Foraging Ecology and Wildlife Nutritional Analysis (FaWNA) Lab
Table of Contents
- Overview of the Foraging Ecology and Wildlife Nutritional Analysis (FaWNA) Lab
- Mission Statement
- Current Projects
- Staff Profiles and Links to Cooperators
- Selected Publications and Multimedia
Overview of the Foraging Ecology and Wildlife Nutritional Analysis (FaWNA) Lab
Opened in 2004 as the "Palmer Nutrition Lab", the Foraging Ecology and Wildlife Nutritional Analysis of the Alaska Department of Fish and Game is available as a statewide resource for the Alaska Department of Fish and Game. The FaWNA Lab has the capacity to run an array of nutritional biochemistry assays and has expertise to provide insights on study design and data collection, analysis, and interpretation for many types of foraging ecology and nutrition studies.
The mission of the FaWNA Lab is to advance the science of nutritional ecology and our understanding of its influences on wildlife populations and their habitats throughout Alaska. We strive to perform rigorous nutritional ecology research, modernize or develop techniques to meet changing research needs, and promote training and education related to nutritional ecology and its application to wildlife management and conservation.
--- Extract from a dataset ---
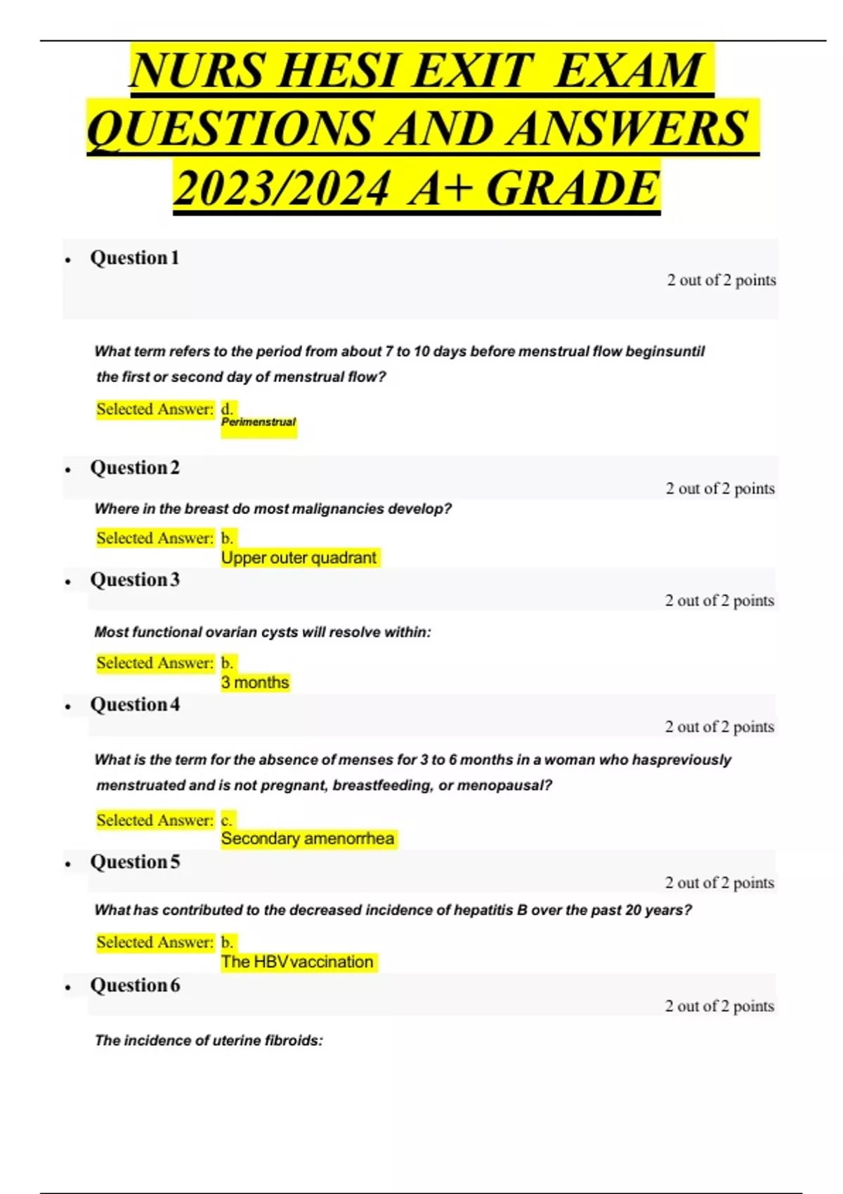 NURS HESI EXIT EXAM QUESTIONS AND ANSWERS 2023/2024 A+ GRADE What term refers to the period from about 7 to 10 days before menstrual flow beginsuntil the first or second day of menstrual flow? Where in the breast do most malignancies develop? What is the term for the absence of menses for 3 to 6 months in a woman who haspreviously menstruated and is not pregnant, breastfeeding, or menopausal? What has contributed to the decreased incidence of hepatitis B over the past 20 years? The incidence of uterine fibroids: Which one of the following statements about the subdermal progestin implant is false?

Researchers at the FaWNA Lab also use tame animals, focusing on moose and caribou, to evaluate foraging behavior of animals in the wild. These studies have illuminated how animals make foraging decisions, food selection patterns, and helped quantify availability of food resources on landscapes available to wild animals.
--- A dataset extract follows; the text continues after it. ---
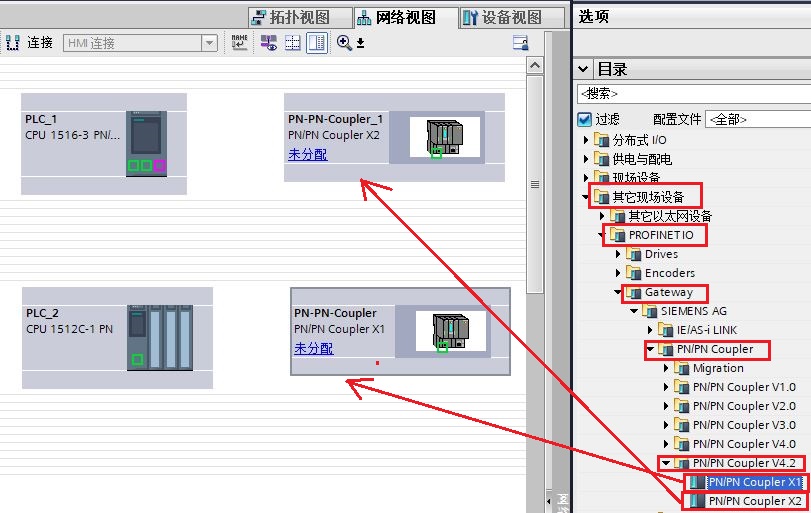 网络视图中,从左侧的硬件目录中找到“其他现场设备--PROFINET IO--Gateway--PN/PN Coupler--PN/PN Coupler V4.2”,分别将 PN/PN Coupler X1和PN/PN Coupler X2拖曳到视图中;

Can you contract for non-ADFG projects?
Capacity to work with partners on external projects varies. Please contact Kristin Denryter (email@example.com) for more information.
What services do you offer?
- Sample preparation (freeze drying, grinding, oven dry matter)
- Bomb calorimetry for gross energy
- Sequential fiber analysis
- Percent nitrogen (via an elemental analyzer using the Dumas method)
- Tannins (via automated solvent extraction following methods of McArt et al. 2006)
- Bioenergetic and nutritional modeling
- Consultation on study design, data analysis, and interpretation
Do you offer NIRS?
Near-infrared reflectance spectroscopy (NIRS) was developed as a more rapid-assessment of forage quality for agricultural operations, but NIRS results must be related (i.e., calibrate) to known values of forage quality from tried and true methods like sequential fiber analysis. Relationships between NIRS and sequential fiber analysis requires substantial, up-front investment to develop relationships for every species of interest. Hundreds of samples of a given species should be collected across seasonal and ecological gradients to capture the potential variation in quality for a given species. To-date, these calibrations have not been determined for most forages used by wild ungulates, especially forages with plant secondary metabolites (e.g., tannins). If you have interest in working to develop calibrations, please contact the FaWNA Director for more information.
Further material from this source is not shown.